Moose Lake Star Gazette - Serving Carlton and Pine Counties Since 1895

By CBS 3 Meteorologist Dave Anderson
Moose Lake Star-Gazette 

February should be closer to normal than January


February 6, 2020

Another Groundhog Day has come and gone and this year, Punxsutawney Phil predicts a short winter and a rapidly approaching spring. Of course, Phil's accuracy rate is 39%. Coin flips are 50% accurate and one of the famous almanacs has a 52% rating so take that with a grain of salt.

February 2nd has long been an important day to many cultures because it falls midway between the winter solstice and the spring equinox. Over time, the day became "Candlemas" which marks the presentation of Jesus at the temple in Jerusalem.

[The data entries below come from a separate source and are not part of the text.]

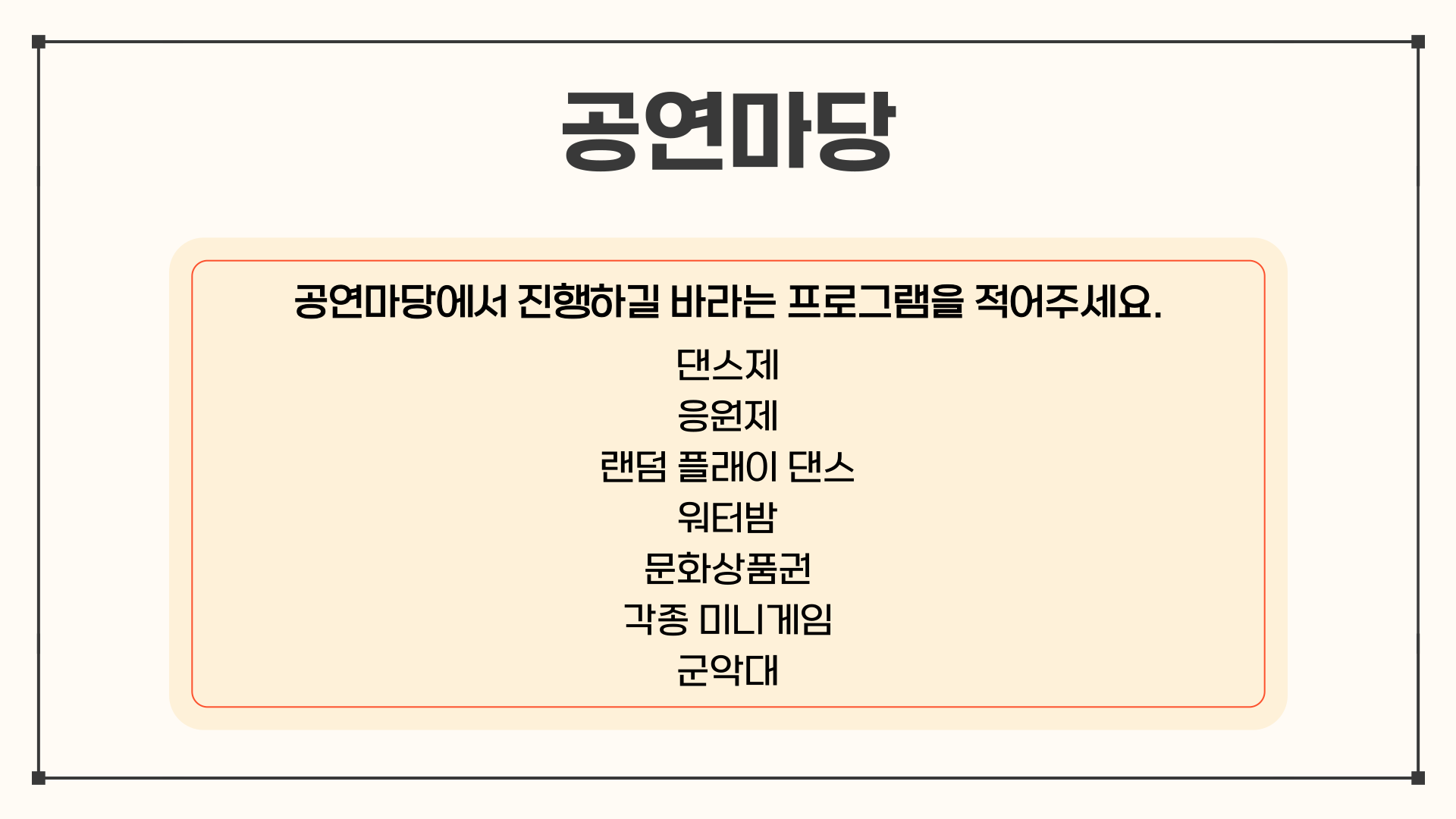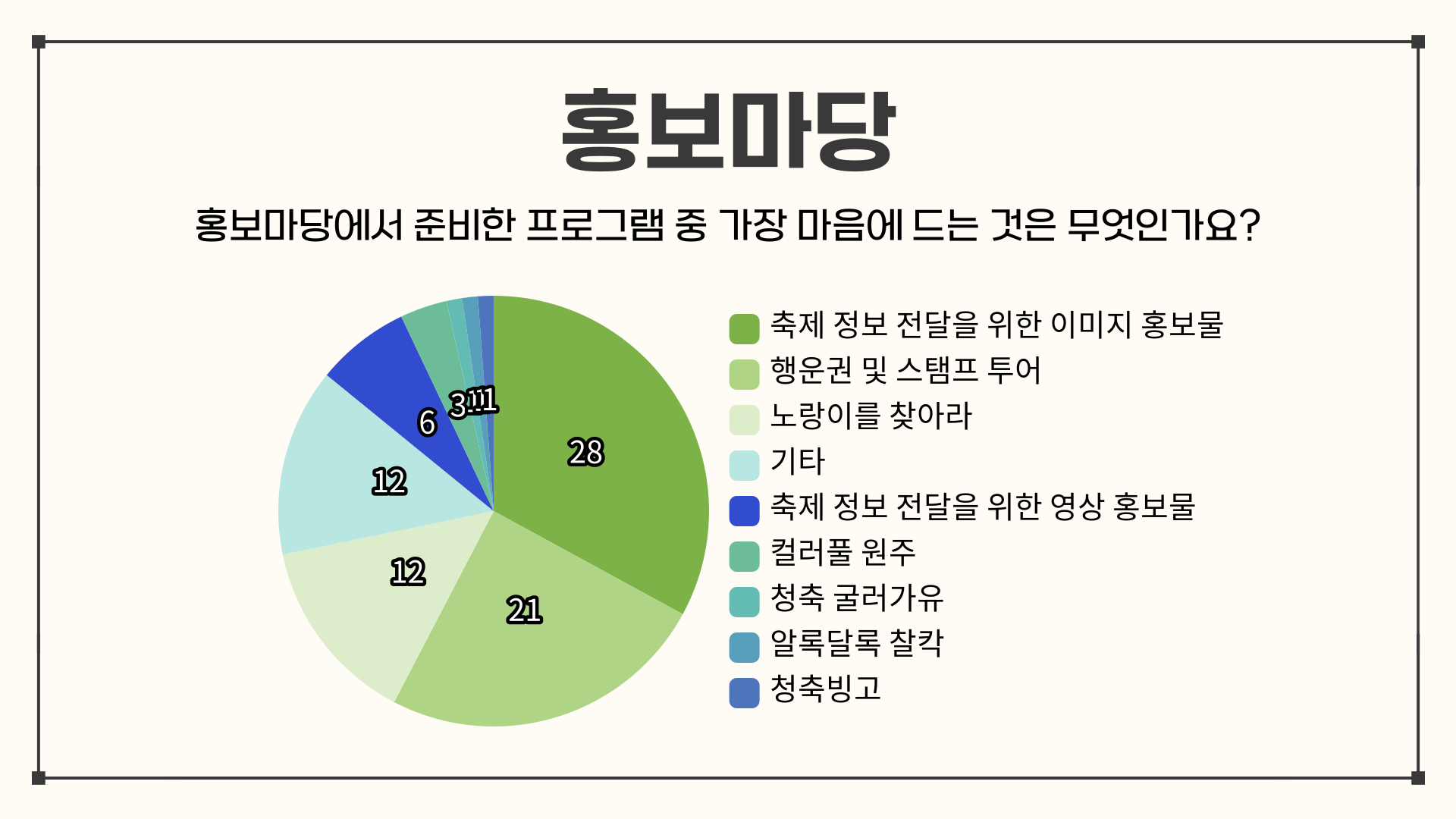 응답해주신 내용을 반영하여 더 풍성하고 멋진 축제로 돌아오도록 하겠습니다.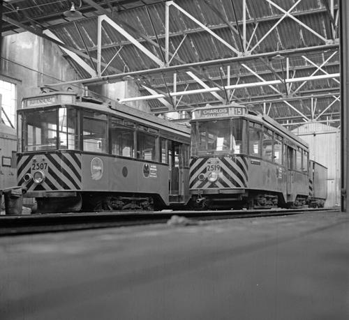 Rotterdam, tramremise Charlois, met RET haspelwagen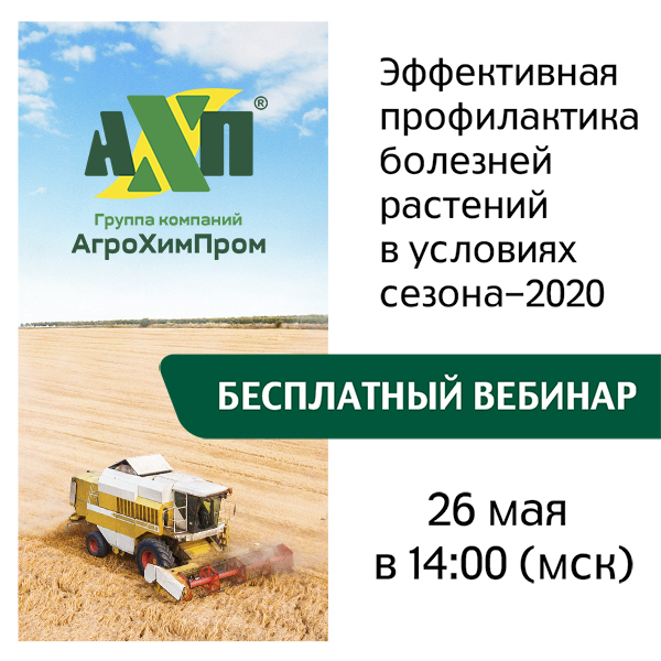 26 мая в 14.00 (по МСК UTC +3) в онлайн режиме состоится вебинар «Эффективные методы профилактики болезней сельскохозяйственных культур с учетом особенностей сезона-2020».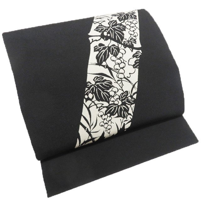 - 名古屋帯 なごや帯 中古 リサイクル 正絹 縮緬地 カジュアル 仕立て上がり 作家物 落款 葡萄文 黒色 絹鼠色 きもの北條 A1229-17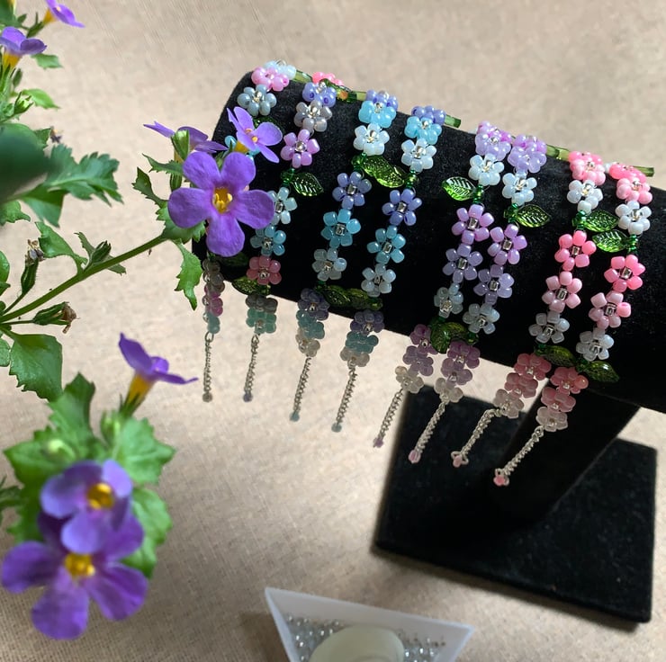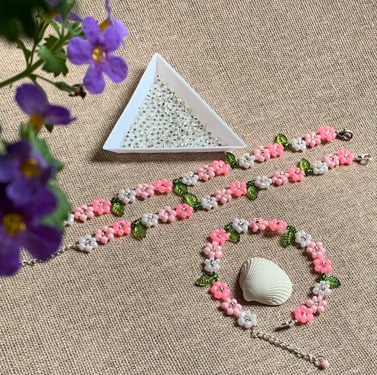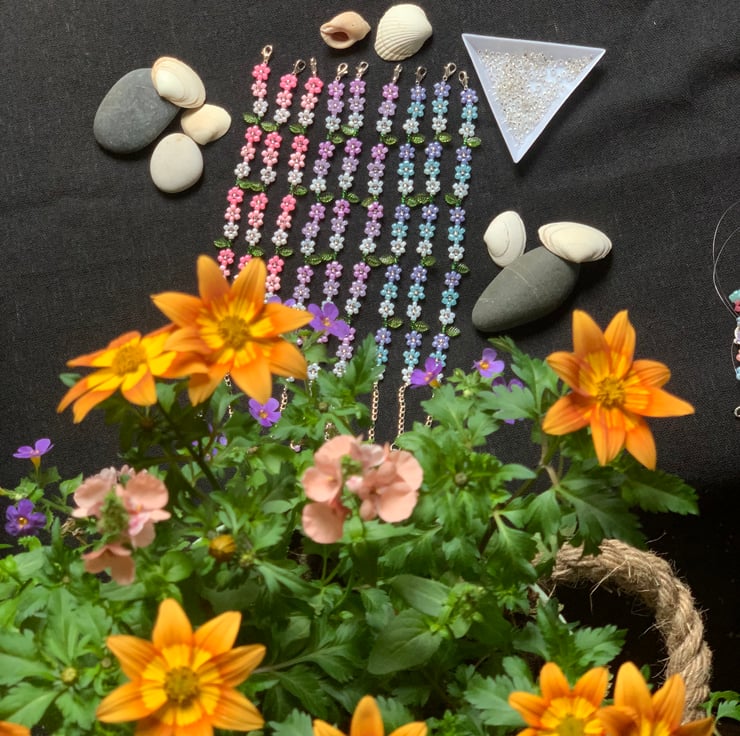 Handmade daisy bracele. 18cm long approx bracelet with 3cm extension chain , made with 3 mm beads, can be custom made with different length, colour and design, just message me with your choice. Pink , blue, purple and mix colour design ready for order. Any questions please feel free to send me a message.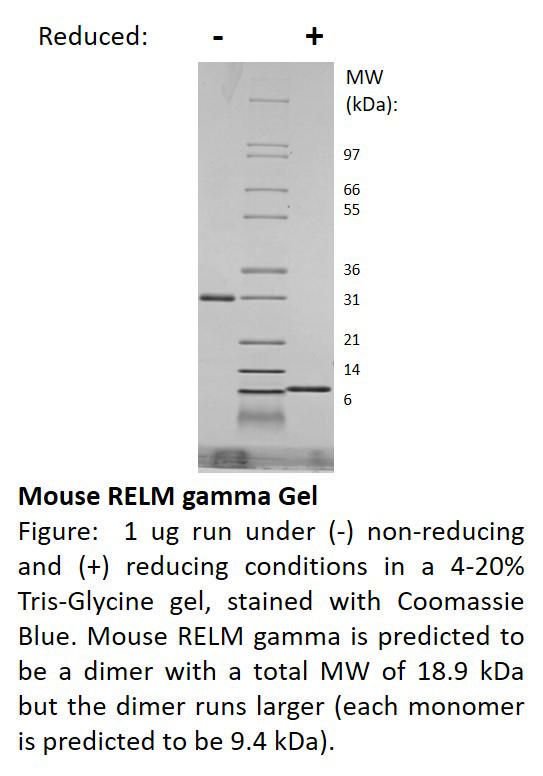Recombinant Protein Mouse Relm-Gamma 100Ug^ Recombinant Protein Mouse Relm-Gamma, Source: Genetically Modified E.Coli, Purity: >/=95%, Predicted Mw: Dimer, 9.4 / 18.9 Kda (89 / 178 Aa), Formulation: Lyophilized From A Sterile (0.2Micron) Filtered Aqueous Solution, Endotoxin: </=1 Eus/Ug, Size: 100Ug

Early Christians believed that a sunny Candlemas meant another 40 days of winter. Over time, northern Europeans decided the day could only be considered sunny if badgers could see their own shadows. When German immigrants settled Pennsylvania, they brought the custom with them and chose the native groundhog as rodent du jour. Phil became spokes-hog in 1887 as a lark put on by a local newspaper.

Around here, 40 more days of winter would be awfully short. Last winter went five months and the one before that was one week shy of being six months. However, the way January rolled, one might think a quick end to winter is ahead. That month had a departure from normal mean temperature of plus 5.9 degrees.

However, some long range forecasters think it will be about a degree colder than normal around here for February 2020. Snow totals should be near normal. The month's forecast calls for a cold and snowy period from the 1st to the 7th, it should be flurry filled but mild from the the 8th to 15th, it should be normal temperature-wise from the 16th to the 19th and that probably means more snow, too. The rest of the month from the 20th to 29th should be cold and dry.

In our part of the world, getting a groundhog to wake up from hibernation to do a weather forecast is awfully hard. That's why the Lake Superior Zoo in Duluth always substitutes a porcupine. And, I hear the folks around Lake Nichols by Canyon use a muskrat which indeed did predict a rapid end to winter this year.